Rachel Papantonakis was never attacked for breastfeeding in public, but she is taking action on behalf of all moms who have been shamed.
"There have been too many news stories lately about women being told they can't feed their babies in places where they are legally allowed to do so," whe wrote on a Facebook page she created for what she is calling "The Great Nurse-In." It is an event to raise social consciousness, a massive demonstration, to be held on the West Lawn at the Capitol, tentatively planned for August 4th during World Breastfeeding Week.
The stories Papantonakis refers to include a D.C. mom's experience of being told she couldn't breastfeed in a government building, another woman in Michigan who was asked to leave a courtroom because she was feeding her child, and most recently, Michelle Hickman's actions. Hickman was reprimanded at Target, and responded by organizing a nurse-in too -- a nationwide protest at multiple Target stores.
When Janice D'Arcy, who writes The Washington Post's "On Parenting" blog asked Papantonakis why she is planning the nurse-in, the mother of two recounted the story she was most affected by -- a museum guard who told a mom she had to feed her child in the restroom only.

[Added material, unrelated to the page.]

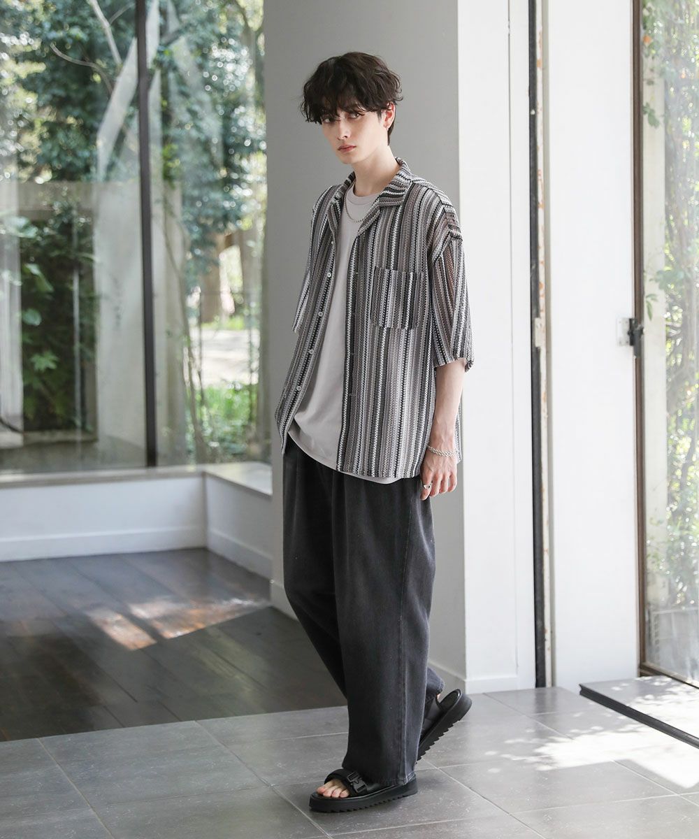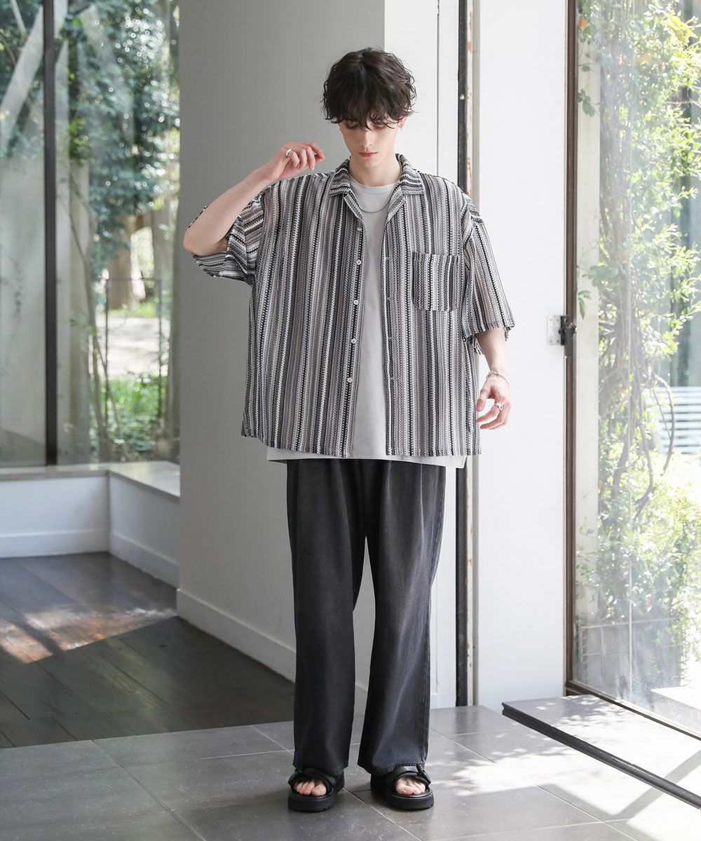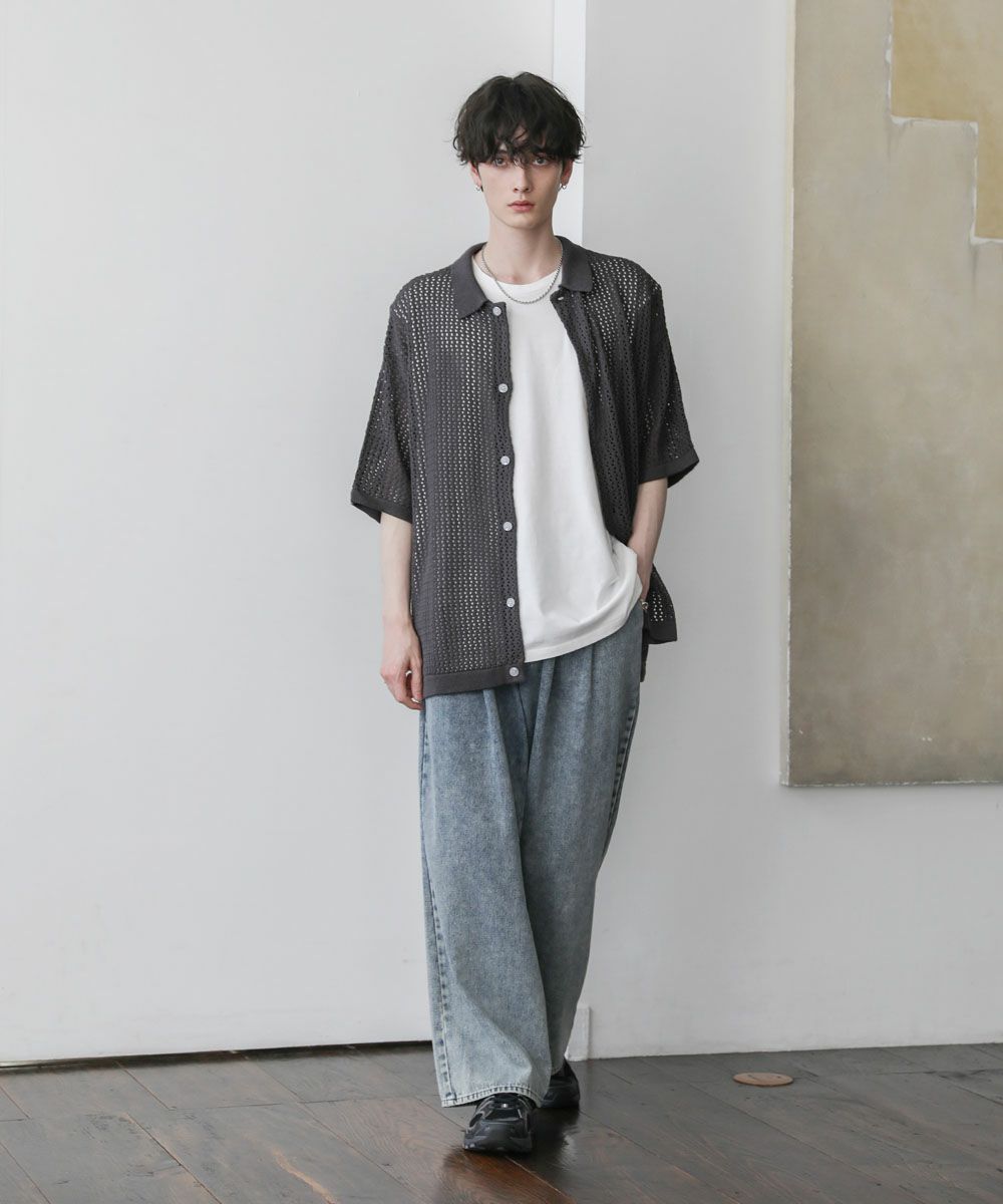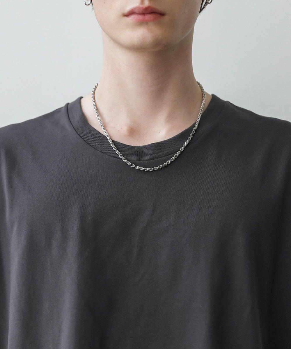 緩めのボトムと合わせた、ラフな着こなしがおすすめです。単色のシンプルなデザインなので、スラックスやデニム、ワイドパンツなど合わせるアイテムを選ばず活躍。1枚で、またシャツやカーディガンのインナーとして、様々な着こなしを楽しめます。

"It got me thinking... Wouldn't it be cool to have a nurse-in on the National Mall? Just a bunch of nursing women, their babies, and supporters spending an afternoon on the Mall and nursing when they needed to in order to raise awareness about the law."
Papantonakis, a mother of two, is still nursing her youngest. So that no one can question her own right to breastfeed in public, iVillage reports that she carries a La Leche League card with the public breastfeeding laws of D.C., Maryland and Virginia printed on it.
Her goal for the nurse-in is to do more than uphold these laws. According to Papantonakis's Facebook page, she aims to "demystify breastfeeding and make it as commonplace as bottle-feeding to passersby."
As for numbers, she wants to draw 500,000 nursing moms -- that's one million boobs -- to participate. (The event was originally going to be called the Million-Boob-March, but that changed because nobody wanted it to be confused with the pro-nudity Two Million Boobs March.)
Papantonakis also wants to be clear that the focus of the event is on choice; she is not suggesting that breastfeeding is the only way. "It certainly is option #1 for me and for my children, but it doesn't work for every woman/child/family for a variety of reasons," she explained to D'Arcy.